EKBIS.CO, JAKARTA -- Direktur Institute of Developing for Economic and Finance (Indef), Enny Sri Hartati menilai rantai distribusi Indonesia masih belum efisien. Jika tak segeta dibenahi, maka akan menjadi ancaman bagi daya saing produk Indonesia menghadapi Masyarakat Ekonomi ASEAN (MEA) 2015 mendatang.
Dicontohkan Enny, masyarakat lebih memilih membeli jeruk Cina ketimbang jeruk Medan karena pertimbangan harga. Produk-produk pertanian impor, katanya, dikirim dalam jumlah besar menggunakan kontainer. Sistem ini pada akhirnya mampu menekan biaya transportasi sehingga harga produk di pasaran lebih murah.
"Bandingkan dengan jeruk Medan yang memiliki rantai pasok panjang dan makan waktu lama," katanya saat dihubungi ROL, Jumat (15/8). Dengan rantai distribusi yang panjang, produk dapat membusuk. Ujung-ujungnya, biaya untuk menutup kerugian dibebankan kepada konsumen.
Sebenarnya, potensi demografi dan geografi Indonesia sangat memimpin di kawasan ASEAN. Namun, potensi itu tidak dimanfaatkan dengan baik. "Kesalahan kita adalah tidak pernah menyiapkan diri untuk memiliki produk yang berdaya saing," kata Enny.
Dalam ekonomi, daya saing dinilai dari harga. Apakah suatu produk memiliki harga yang pantas bagi konsumen. Saat ini, penetrasi barang impor dari Malaysia dan Singapura makin merajalela.
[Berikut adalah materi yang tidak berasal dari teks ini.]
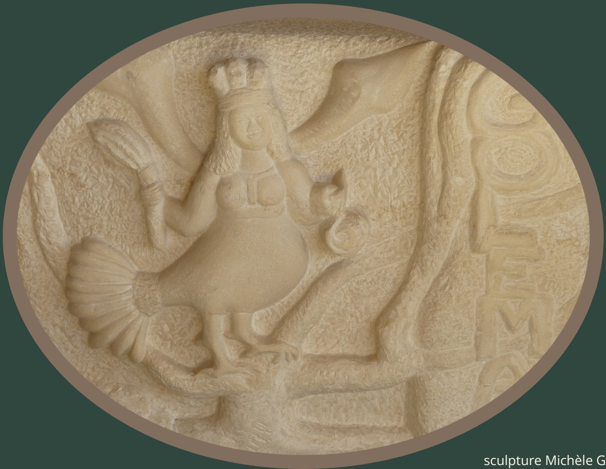
sculpture Michèle Gat

Sur un arbre perchée, portant d'une main fleur ou flamme, de l'autre le rouleau des connaissances, cette créature mi femme, mi oiseau appelle la question de nos dualités : joie et chagrin, prophétie et mystère, humain et bête. Quelle compréhension avons-nous de ce que signifie être puissant, être vulnérable, être humain ? L'association collégiale GOLEMA par ses créations collectives, ses pratiques artistiques croisées, ses parcours et explorations des coutumes ancestrales rassemble ce qui demande à être dit. Le collectage de paroles d'habitants de tout âge, le chant, la musique, la danse, expriment la recherche d'une certaine humanité en laquelle nous puissions nous reconnaître. C'est ainsi que sont créés avec les professionnels les spectacles, les ateliers, dans une pratique de création collective, d'une transmission intergénérationnelle avec participation de public amateur.
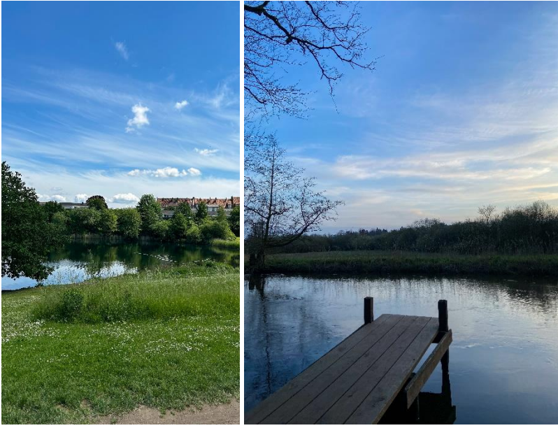
links: Kreidebergsee, rechts: Wilschenbruch

Wie wäre es mit einem Spaziergang im Grünen?
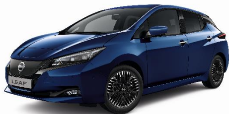
Niebieski Uniwersalny - RCJ
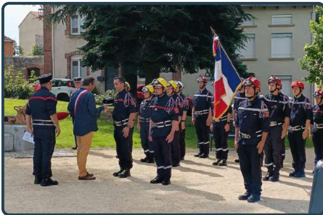
Remise de décorations par Monsieur le maire
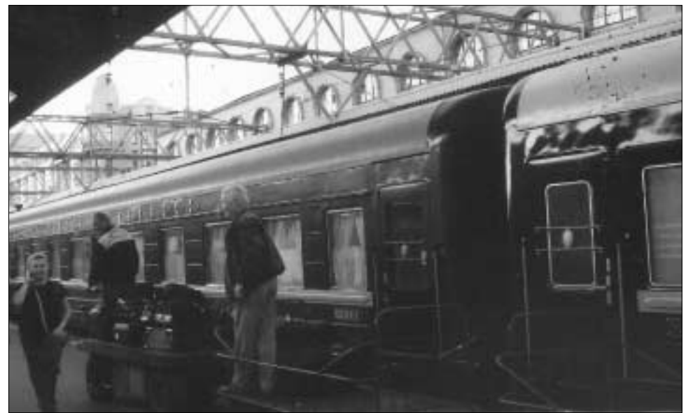
Στο σιδηροδρομικό σταθμό Αγίας Πετρούπολης. Επιβίβαση στο τρένο.

Έπειτα από 13 χρόνια διαπραγματεύσεων, μια αποφασιστική συμφωνία μεταξύ Ουάσιγκτον και Ρωσίας παραμένει δύσκολη γι' αυτό και η σύνοδος των G8 περιορίστηκε στις φιλοδοξίες και στον ανταγωνισμό των δύο δυνάμεων, της Ρωσίας και της Κίνας.

Kondisi inilah yang menjadi pekerjaan rumah yang krusial dalam sistem distribusi.
"Kita lihat secara geografis Kalimantan dan Sulawesi sangat dekat dengan Singapura, kalau ini sudah MEA mereka bisa beli dari negara tetangga dan keadaan ini mengancam produk Indonesia," ujar dia.